Tanto antes como después de esta frase sigue absorta, pero por fin se mueve y da la vuelta, imperturbable en su aspecto natural y adquirido, hacia la puerta. El señor Tulkinghorn abre ambas puertas exactamente igual que lo hubiera hecho ayer, o hace diez años, y hace su reverencia anticuada cuando sale ella. La mirada que recibe de esa hermosa faz cuando pasa ésta a la oscuridad no es corriente, ni es corriente el gesto, aunque leve, con que reconoce su cortesía. Pero, como reflexiona él cuando se queda a solas, la mujer no ha estado sometida a una presión corriente.

Lo comprendería todavía mejor si viera cómo la mujer recorre ahora sus propios aposentos, con los cabellos desordenados y apartados de la cara, que tiene echada hacia atrás, las manos puestas en la nuca, el cuerpo retorcido como por el dolor. Lo pensaría todavía más si viera cómo la mujer se pasa andando varias horas así, sin cansarse, sin descansar, seguida por los fieles pasos en el Paseo del Fantasma. Pero ahora él cierra la ventana para protegerse contra el viento que ya sopla fresco, corre las cortinas y se acuesta y se duerme. Y es verdad que cuando las estrellas se apagan y el pálido día penetra en el dormitorio de la torreta lo encuentra más viejo que nunca, y parece como si tanto el sepulturero como la pala ya estuvieran dispuestos y dentro de poco fueran a empezar a cavar.

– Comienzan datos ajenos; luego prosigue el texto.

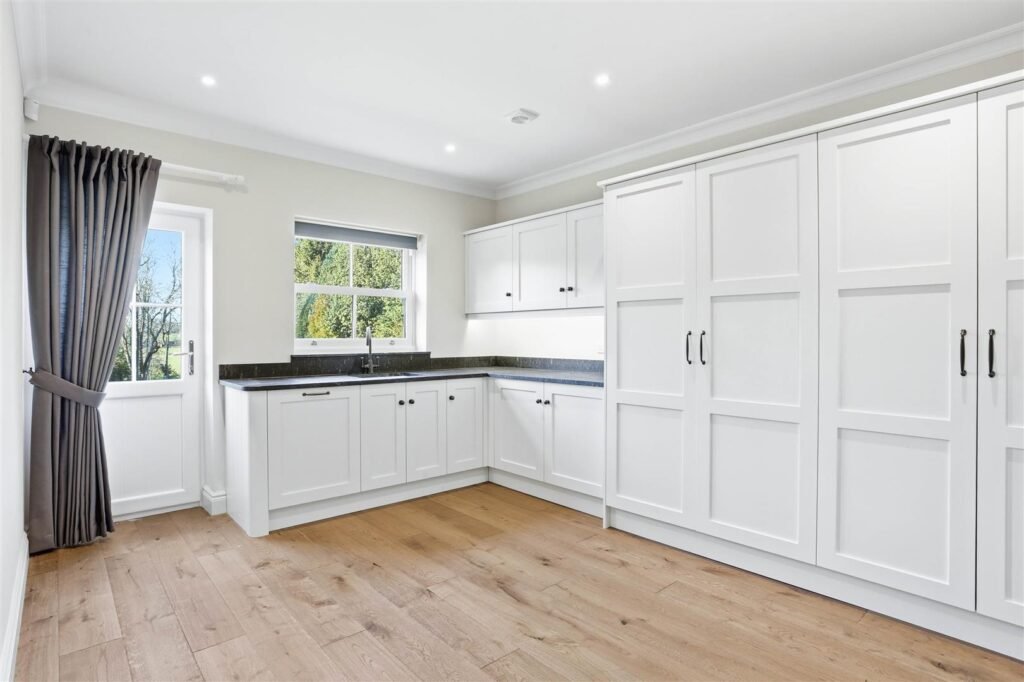 As you step inside, you will be greeted by two inviting reception rooms that showcase the extremely high-quality finishes and fittings throughout the home. The marvellous rear aspect kitchen/dining room offers a tremendous range of high-quality appliances and sweeping satin-granite work surfaces, and opens into a generously appointed utility room which, in turn, connects to the large garage. Each room has been thoughtfully designed to create a harmonious blend of style and comfort, ensuring that every corner of this residence exudes sophistication. Other benefits include under floor heating and air conditioning.
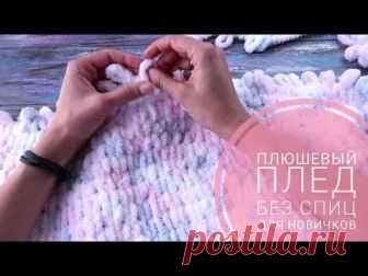 Плюшевый плед своими руками для начинающих. Вяжем без спиц и крючка. Alize puffy ❤
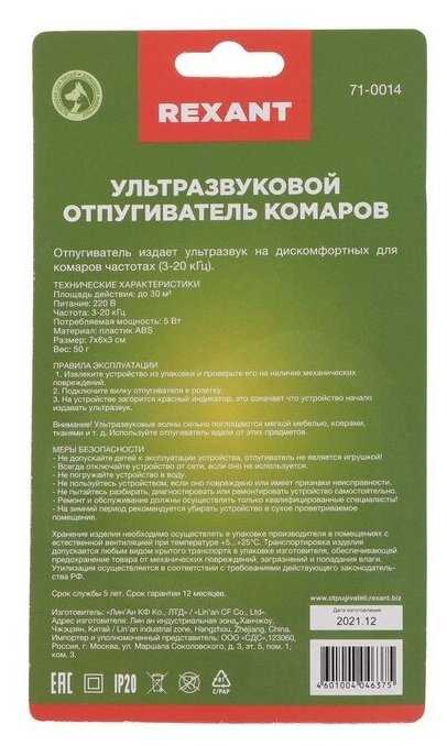 Отзывы о Ультразвуковой отпугиватель REXANT Ультразвуковой отпугиватель (71-0014)
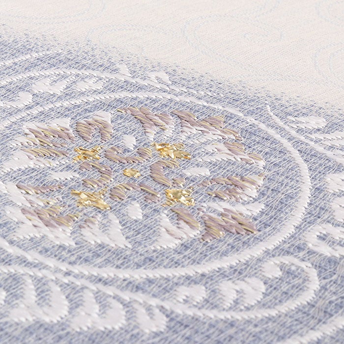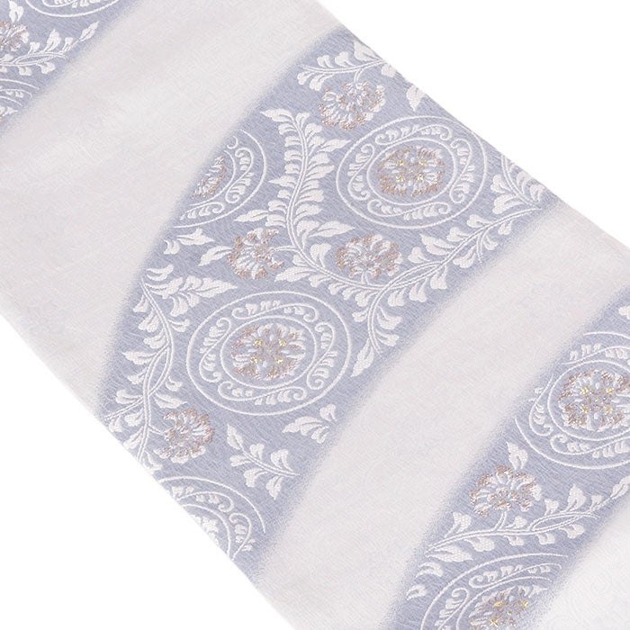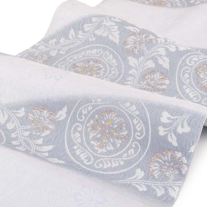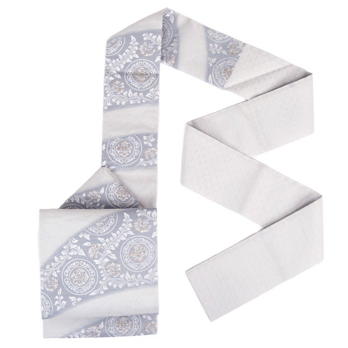 他の画像を見る ≪在庫限り≫ 小紋 紬 色無地 御召 などのお着物に 名古屋帯 水色 薄灰 丸紋 花唐草 西陣織 弥栄織物 普段用 九寸 仕立て上がり 絹 未使用 日本製 新品 春 秋 当店特別価格 ¥ 33,000 税込 (0) お気に入りに登録する
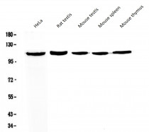 Western blot: 50 µg of samples under reducing conditions. HeLa, Rat testis, Mouse testis, Mouse spleen and Mouse thymus lysates stained with ARG59202 anti-CCP110 / Cep110 antibody at 0.5 µg/ml, overnight at 4°C.
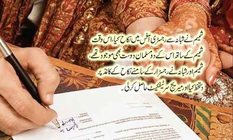 سوال:- شمیم نے شبانہ سے رجسٹری آفس میں نکاح کیا، اس وقت شمیم کے ساتھ اس کے دو مسلمان دوست بھی موجود تھے ، شمیم اور شبانہ نے رجسٹرار کے سامنے نکاح کے کاغذ پر دستخط کیا اورمیریج سر ٹیفکیٹ حاصل کرلی ،
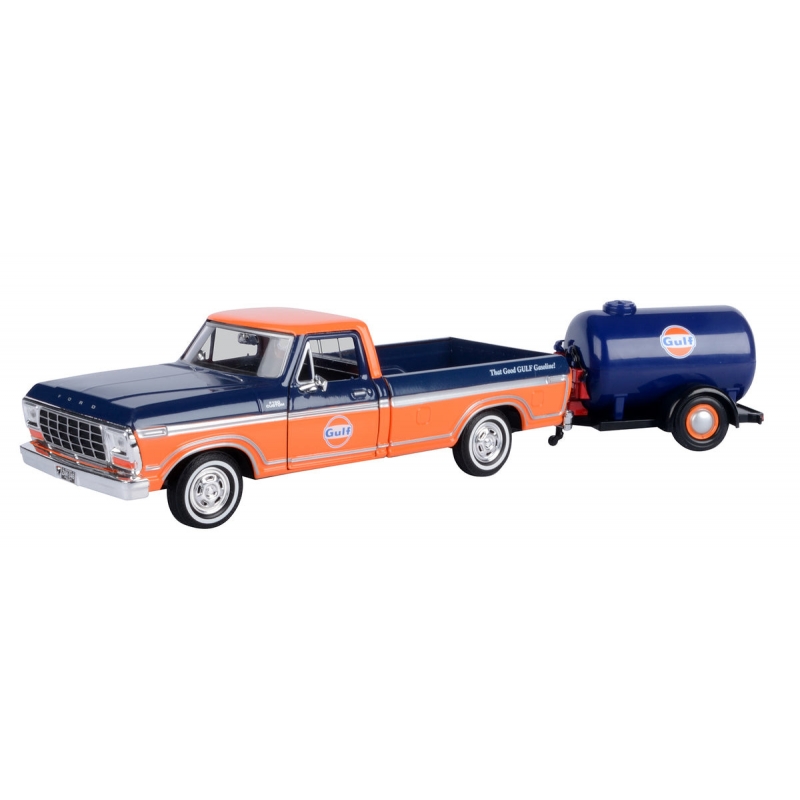 MOTORMAX 79612 1:24 1979 FORD F - 150 CUSTOM PICKUP + OIL TANKER WITH GULF LIVERY
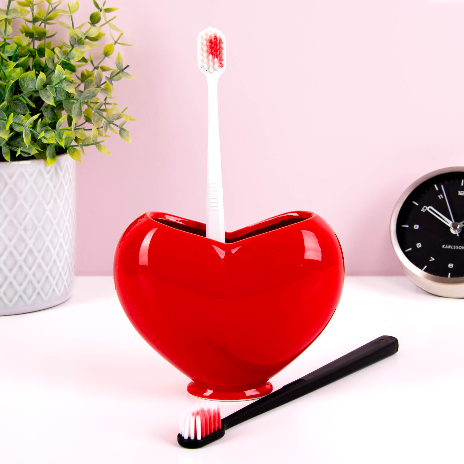Zoek je het perfecte housewarmingcadeau voor een stel dat gaat samenwonen? Of wil je je geliefde verrassen met een lief cadeautje? Kies voor de Hart tandenborstelset van MikaMax! Deze tandenborstelset bestaat uit twee tandenborstels, waarvan de rode haren samen een hartje vormen. Maar dat is niet alles: de tandenborstels staan ook knus samen in een hartvormige tandenborstelhouder. Als dat niet romantisch is…
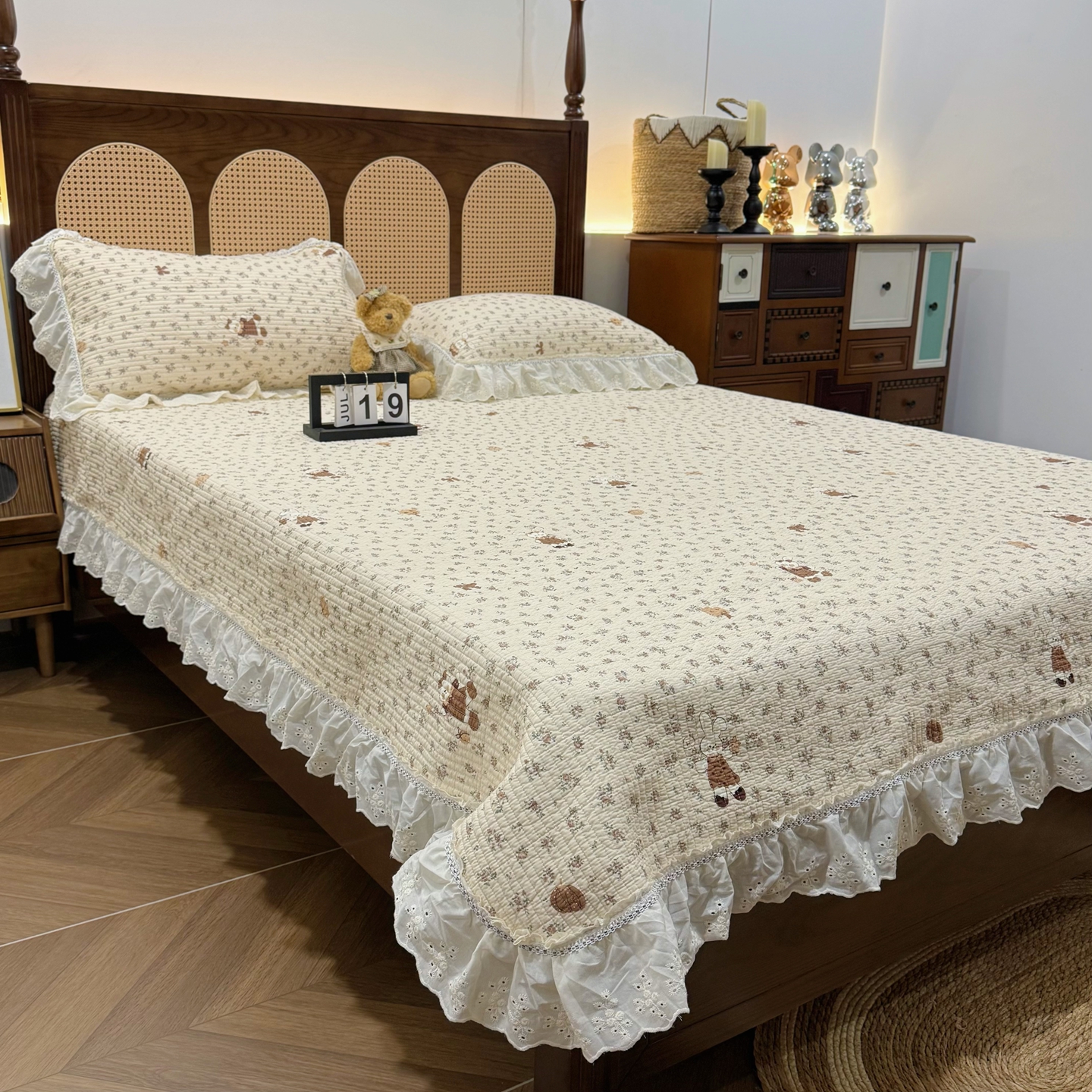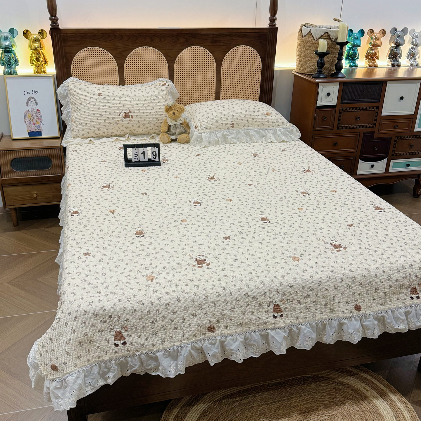 (总)床盖工厂店 2025新款法式双面全面填充棉花床盖三件套
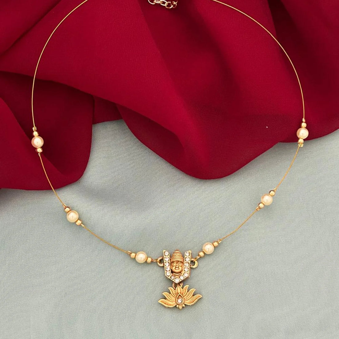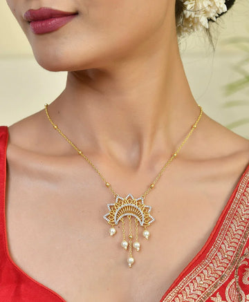 Lakshmi Lotus Pearl Gold Plated Pendant Set
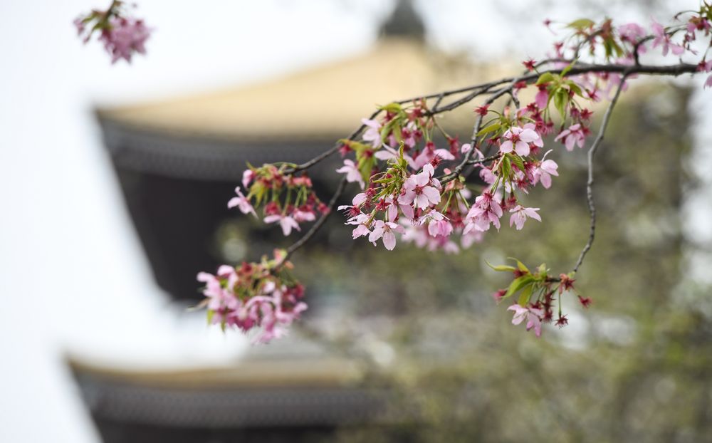 3月2日,武汉大学樱花初绽枝头。新华社发(曹海钢摄)
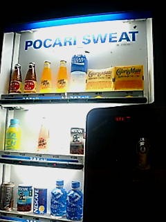 ポカリスエットの自販機の中にカロリーメイト入り。駅などではよく見かけるが、珍しいのはポカリの300mlアルミボトル缶。
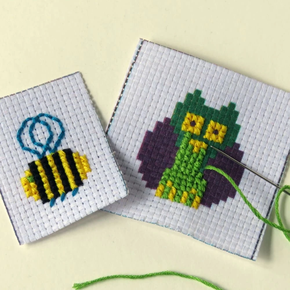 Loads of easy projects to teach skills including cutting out, hand sewing stitches, cross stitch and several easy embroidery stitches.
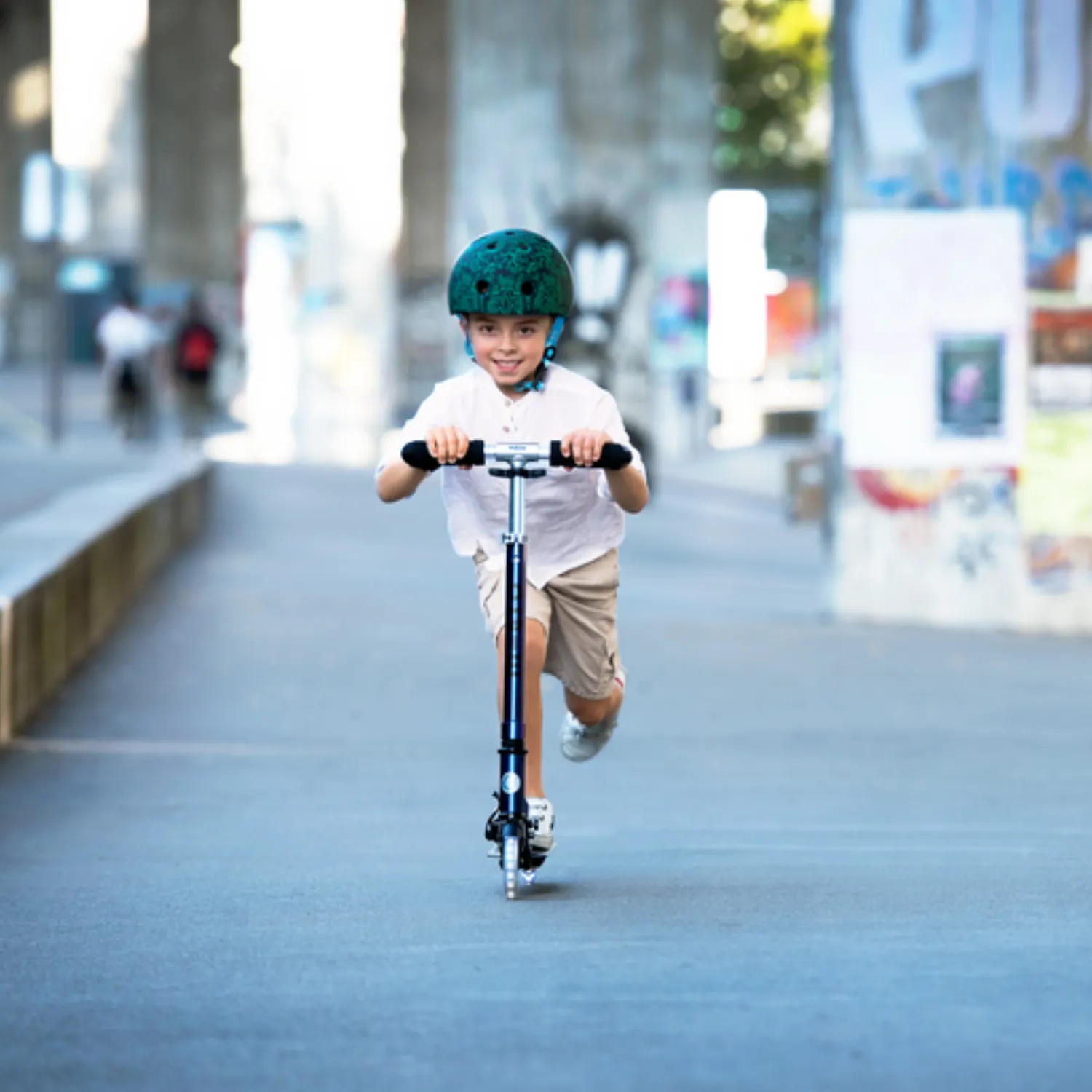 Стильный самокат Micro Sprite со светящимися колесами подойдет для детей от 5 лет, которые хотят научиться кататься на двух колесах. Узкая дека, регулируемый руль и небольшой вес обеспечат комфорт на время поездки. Благодаря прочной конструкции и нагрузке до 100 кг самокатом успешно могут пользоваться и взрослые. Максимальная высота ручки — 95 см.
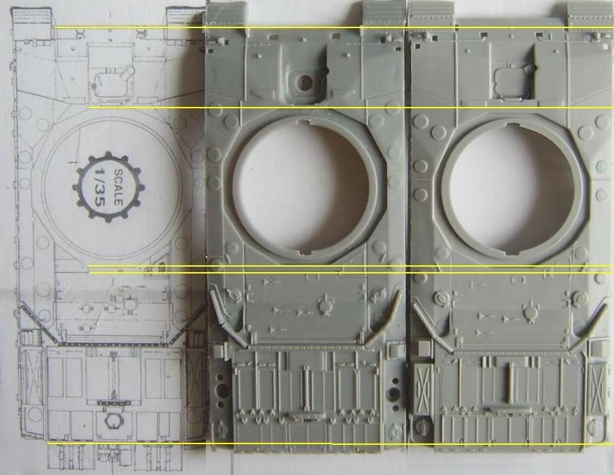With the release of the Trumpeter Challenger 2 I thought that it would be a good idea to do a comparison between the two. Both are not perfect and unfortunately there is no easy fix for either of them. I suppose that until someone releases a good Challenger 2 the only way forward is to kit bash the two, but even that is not as easy as it first seems as it is not just a simple case of swapping parts, there are still alterations that need to be done and in the end it will come down to which is the lesser of two evils or how far the individual wants to go ! there are those who moan and do all they can about a Sherman that is not correct, or about a Panther or whatever it is they like the best, for me it is Modern British and Russian vehicles that I can not accept faults on when building a kit. In the following Comparison the Darker Grey is the Dragon kit with the lighter being the Trumpeter. The Hulls I will start with the upper hull size wise they are both the same and it is just in details that they differ, but it is a big difference. I have said before that the Dragon engine deck is too long and have even shown how to correct it HERE, for some understandably this may be a bit too much work. The good news is that the Trumpeter engine deck is the right length, unfortunately the rest of the details on the Trumpeter kit are very simplified, the Dragon deck is the better detailed but needs shortening and modifying on the rear right hand corner.The exhausts on the Dragon kit are slightly too far forward, this is rectified when the kit is altered, they are also slightly too small. I have also included the hulls against the Tankette drawings, showing how the two kits are different and how the Trunmpeter turret sits too far back from the front. Here you can see the difference in length of the engine decks the hull on the right is a modified Dragon hull, Closer inspection of the front will show that the two kits differ, here again the Dragon kit is correct A comparison shot of the Trumpeter and the Modified Dragon engine decks as can be seen the alterations have corrected the length of the engine deck. The Trumpeter and an unmodified Dragon hull, it is clear from this shot just how out the Dragon rear hull is. The lower hull, the Trumpeter kit has the correct wheel spacing's. The rear Plate, both have the same moulded on details. On both kits the fuel drums and their holders are moulded as one piece, the details are correct with the Dragon ones having a bit better relief but still not enough.
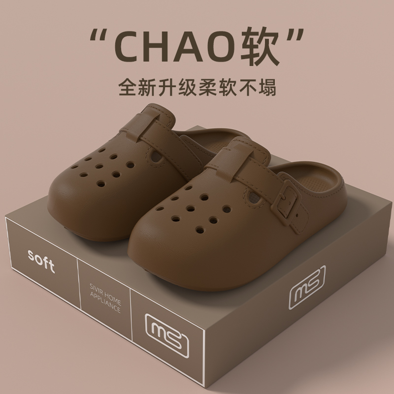 海边家居室内防滑包头凉拖鞋 踩屎感洞洞鞋 厚底外穿时尚 新款 女夏季
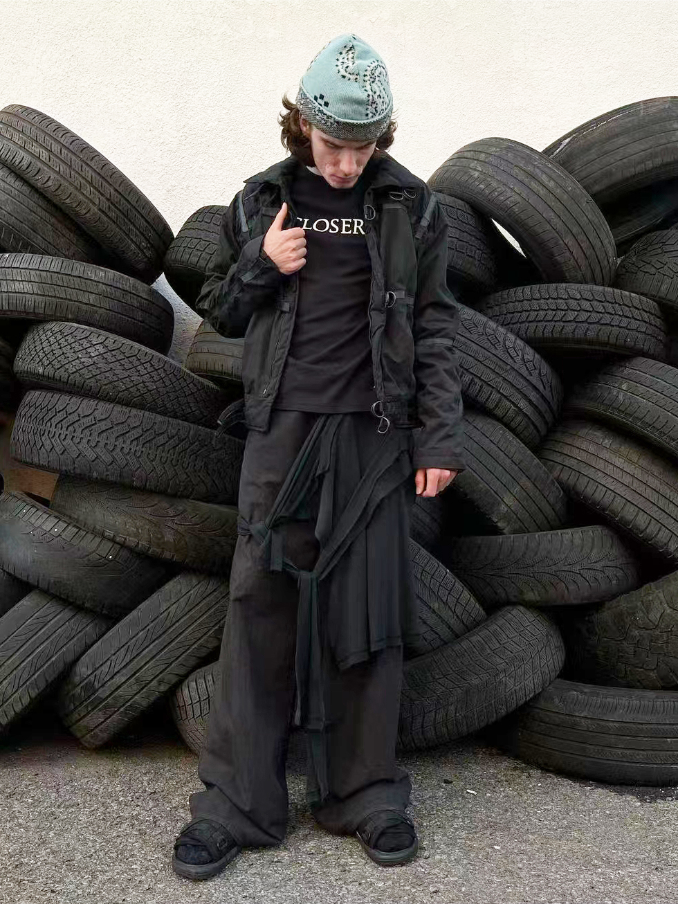 NIGO Raf Simons Men's Four Seasons Solid Color Splicing Do Old Loose Wide-Leg Pants Cotton Casual Straight Pants Ngvp #nigo1664
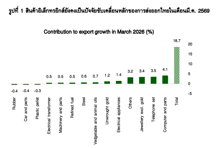 Home การส่งออกไทย มี.ค. 69 ขยายตัวสูงกว่าคาดท่ามกลางความขัดแย้งในตะวันออกกลาง

El mismo día pálido atisba a Sir Leicester, que perdona a un país arrepentido en un sueño majestuosamente condescendiente, y a los primos que ocupan diversos cargos públicos, y sobre todo empiezan a percibir sueldos, y la casta Volumnia que concede una dote de 50.000 libras a un general feo y viejo, con una boca llena de dientes falsos, como un piano con demasiadas teclas, que desde hace mucho tiempo es la admiración de Bath y el terror de todas las demás comunidades. También atisba otros dormitorios en las partes más altas del tejado, y los cuartos del servicio en los patios y encima de las cuadras, donde ambiciones más humildes sueñan con la felicidad, en forma de pabellones de guardabosques y de uniones en santo matrimonio con Will o con Sally. Se levanta el sol brillante y se lo lleva todo con él: los Wills y las Sallys, el vapor latente en la tierra, las hojas y las flores que caen hacia el suelo, los pájaros y los animales y los insectos, los jardineros que barren la hierba bañada por el rocío y revelan un terciopelo esmeralda por donde pasa el rodillo, el humo de la gran cocina que sube recto y alto por el aire iluminado. Por fin se iza la bandera por encima de la cabeza inconsciente del señor Tulkinghorn, para proclamar con animación que Sir Leicester y Lady Dedlock están en su dulce hogar y que reina la hospitalidad en su casa de Lincolnshire.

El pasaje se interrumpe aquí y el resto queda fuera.